How do I go from okay/acceptable to great?  I will think more on this and get back to you.  I just needed to get it out.

Hugs!

11 comments:

Lap Band Gal said...

Way to own up. I like it. Keep going.

Darlin1 said...

I have the same issues you do. Keep us informed with your answers, please!

Theresa said...

Great post. I need to work on a couple of those legs!

Dawnya said...

Great post. And so true. I am in the same boat and I haven't even gotten as far as you. There has to be something. Keep us updated with your answers.

Cat said...

I think your average of 30 mins per day is fantastic. Keep that up especially because you enjoy that part of the journey. With food, maybe just figure out where the problem is, is it snacking on junk in the evenings? Is it a well meaning coworker bringing donuts to work? Is there any thing you could substitute instead of what you're choosing? Just give some thought of why your food is the problem. Then work on solving that problem.

Steph said...

Ok...I have to come clean. I am a dork. When I first read about the food side of your stool, I immediately asked myself, is she talking about POOP??? Dear God!!

I totally forgot about the stool-stool. I am a dork. I must admit it. Good post though once I got over the poop aspect in my head.

Lyla said...

I hear you (except my fitness leg is broken too-ha)!

My answer was to change something on the food front to shake things up. Today I started journaling my food, something I HATE doing and haven't done to this point. But I realize that something needs to change on the diet front.
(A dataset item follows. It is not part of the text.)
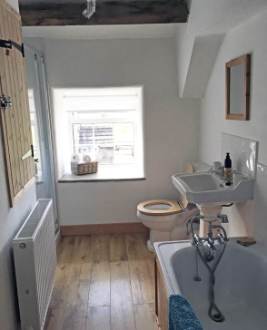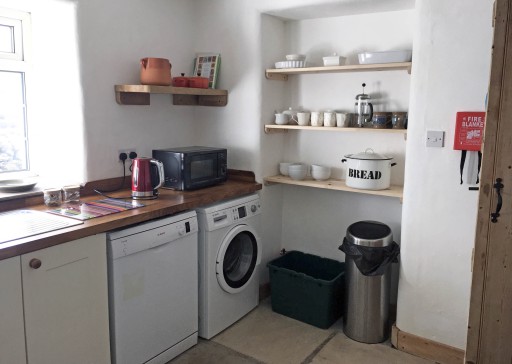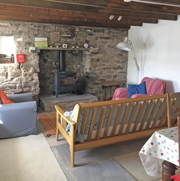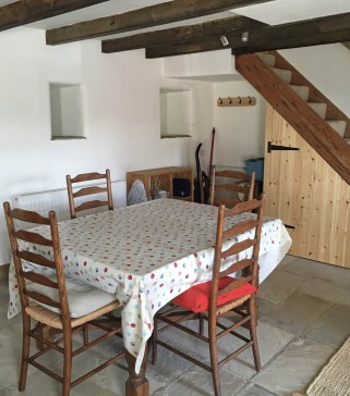 Downstairs there is a large living/dining room with a wood burning stove (wood provided). There is a well-equipped kitchen with cooker, microwave, fridge (no freezer), washing machine and dish washer.

I'm hoping this gets me back on a good trajectory. I REALLY want to lose 20 more lbs before we go on vacation this summer.

Sam said...

Those legs really do all count, food in my big let down too at the moment, but I am getting focused on my diet, Im starting with a 12 week body transformation program, from there I will see how I go. I hope you find a solution that works for you. And let us now. The more ideas we have to incorporate into our diets, the better :o)

Amanda said...

I thought you were talking about poop too! I started over so it made sense!

Well food has always been my issue! I mean we are similar in the fact that we have always been active. I always did yoga and go hiking and occasionally a class. But I too convinced myself I was doing more then I ACTUALLY was. But I still was doing more then loads of people. Even ultra skinny friends.
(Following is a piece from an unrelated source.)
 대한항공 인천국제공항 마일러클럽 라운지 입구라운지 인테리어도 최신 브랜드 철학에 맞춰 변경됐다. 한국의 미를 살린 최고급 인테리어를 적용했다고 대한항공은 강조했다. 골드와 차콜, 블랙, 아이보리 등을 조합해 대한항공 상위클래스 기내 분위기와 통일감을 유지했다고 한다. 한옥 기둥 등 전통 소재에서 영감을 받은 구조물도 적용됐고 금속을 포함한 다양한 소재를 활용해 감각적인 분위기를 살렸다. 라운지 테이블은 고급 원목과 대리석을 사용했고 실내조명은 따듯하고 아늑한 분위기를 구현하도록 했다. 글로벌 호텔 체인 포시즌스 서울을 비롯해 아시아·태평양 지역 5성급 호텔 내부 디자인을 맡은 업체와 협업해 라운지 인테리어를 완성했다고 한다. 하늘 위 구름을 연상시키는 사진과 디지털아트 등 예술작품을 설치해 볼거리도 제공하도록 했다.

It has always been about the food. To much..over indulge. I am way better now but I still do especially on the weekends. Now it is with 1.5 slices of pizza with no crust rather then 4 slices. Throw in a cocktail. But still.

I am in this for the long haul and as long as I keep with the program and keep this weight off then I am okay with the few stumbles. I just don't ever want my "get up and go" to stop.

Yesterday I had a small french fry for lunch. They were yummy. But I felt guilty all afternoon and went to do a couple of miles right after work! I never feel guilty about food! Whats up with that?

Amanda said...

ps. My fill is totally fine. I am doing great. Still never a 5lb a week loser...but I can live with it.

Kerri said...

You can do this!!!! Hang in there!!!